2. Der Kontext: Ein Wort aus Gottes Zukunft für unser Heute
Die Offenbarung ist kein Buch der Flucht, sondern eines des Trostes. Sie richtet sich an Menschen, die unter Druck stehen, die verunsichert und erschöpft sind. An Personen, die sich fragen: Bleibt Gott uns treu? Trägt seine Zusage? Gibt es eine Zukunft?
Mitten in diese Unsicherheit spricht der auf dem Thron: „Siehe, ich mache alles neu.“ Ein Wort aus der göttlichen Vollendung, das schon heute Kraft entfalten will. Ein Wort, das nicht an der Gegenwart vorbeigeht, sondern sie durchstrahlt.
3. Das Neue hat schon begonnen: Christus schafft neue Schöpfung
Paulus bringt es auf den Punkt: „Ist jemand in Christus, dann ist er eine neue Schöpfung; das Alte ist vergangen, Neues ist geworden.“ (2. Korinther 5,17)
Das Neue ist nicht erst in ferner Zukunft sichtbar. Es beginnt im Innersten, dort, wo Christus einzieht. Wo Menschen sich ihm öffnen, Vergebung geschieht, Mut wächst und jemand wieder aufsteht. Gott erneuert nicht erst irgendwann – er erneuert heute.
4. Erneuerung im Alltag: Wenn unser Äußeres ermüdet
Paulus kennt die Realität: Unser äußeres Leben vergeht – körperlich, seelisch, manchmal auch gesellschaftlich. Doch er sagt: „Der innere Mensch wird Tag für Tag erneuert.“
(2. Korinther 4,16)
Das ist die tägliche Zusage: Gott trägt. Christus bleibt. Der Heilige Geist gibt Kraft. Gerade dann, wenn es eng wird. Gerade dann, wenn wir keine Lösung mehr sehen. Gottes Erneuerung ist kein lautes Feuerwerk, sondern ein leiser, beständiger Prozess. Ein Hauch von Hoffnung. Ein Funke Mut. Ein Schritt, der gelingt, obwohl wir es nicht mehr erwartet hätten.
5. Die große Vollendung: Was Gott neu macht, bleibt für immer
Die Offenbarung öffnet uns den Blick auf das Ziel: Gott wird richten, heilen und vollenden. Er spricht: „Es ist geschehen! Ich bin das A und das O.“
Er, der die Welt geschaffen hat, führt sie auch zu ihrem Ziel. Den Durstigen gibt er Wasser des Lebens umsonst. Den Überwindenden nennt er sein Kind. Er schafft eine Welt, in der das Alte keine Macht mehr hat.

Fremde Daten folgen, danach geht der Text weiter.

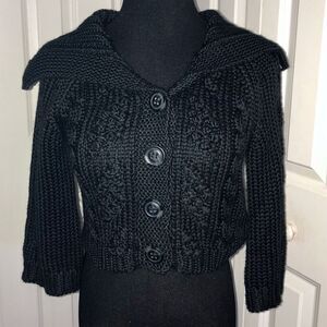 Cute cropped cardigan by Express in size small. 71% acrylic and 29% wool. Gentle used condition.

Und er benennt klar, was sich seiner Liebe widersetzt – nicht als Drohung, sondern um zu zeigen: Das Neue Gottes ist heilig, wahrhaftig, gerecht und frei von allem, was zerstört.
6. Im Heute das Neue leben: Zwischen Verheißung und Alltag
Wir leben zwischen zwei Polen: dem endgültigen Neuen, das Gott schaffen wird, und dem Neuen, das er heute in uns bewirkt. Wir werden vom Sohn getragen, vom Geist erneuert, von der Treue des Vaters gehalten.
So begleitet uns die Jahreslosung durch das Jahr: „Siehe, ich mache alles neu.“ Es ist ein Satz für die Müden, die Hoffenden, die Ratlosen, die an ihrem Glauben zweifeln. Ein Satz, der sagt: Gott bleibt nicht fern.
Er bleibt der Schöpfer, bleibt treu, bleibt an unserer Seite – bis Alles neu geworden ist.
7. Abschluss: Ein Gebet
Gott, du Ursprung und Ziel, du kennst unser Leben, unsere Begrenzungen, unsere Müdigkeit.
Sprich dein Wort des Neuanfangs in unsere Tage. Erneuere uns durch deinen Geist.
Stärke uns durch deinen Sohn. Lass uns schon heute aus dem Licht deiner kommenden Welt leben.
Amen.






Ostern und die letzten vierzig Tage von Jesus auf dieser Welt
Gesamtüberblick
Zwischen Ostern und Himmelfahrt liegen 40 Tage. In dieser Zeit werden mindestens 10–12 Begegnungen Jesu mit seinen Jüngerinnen und Jüngern berichtet.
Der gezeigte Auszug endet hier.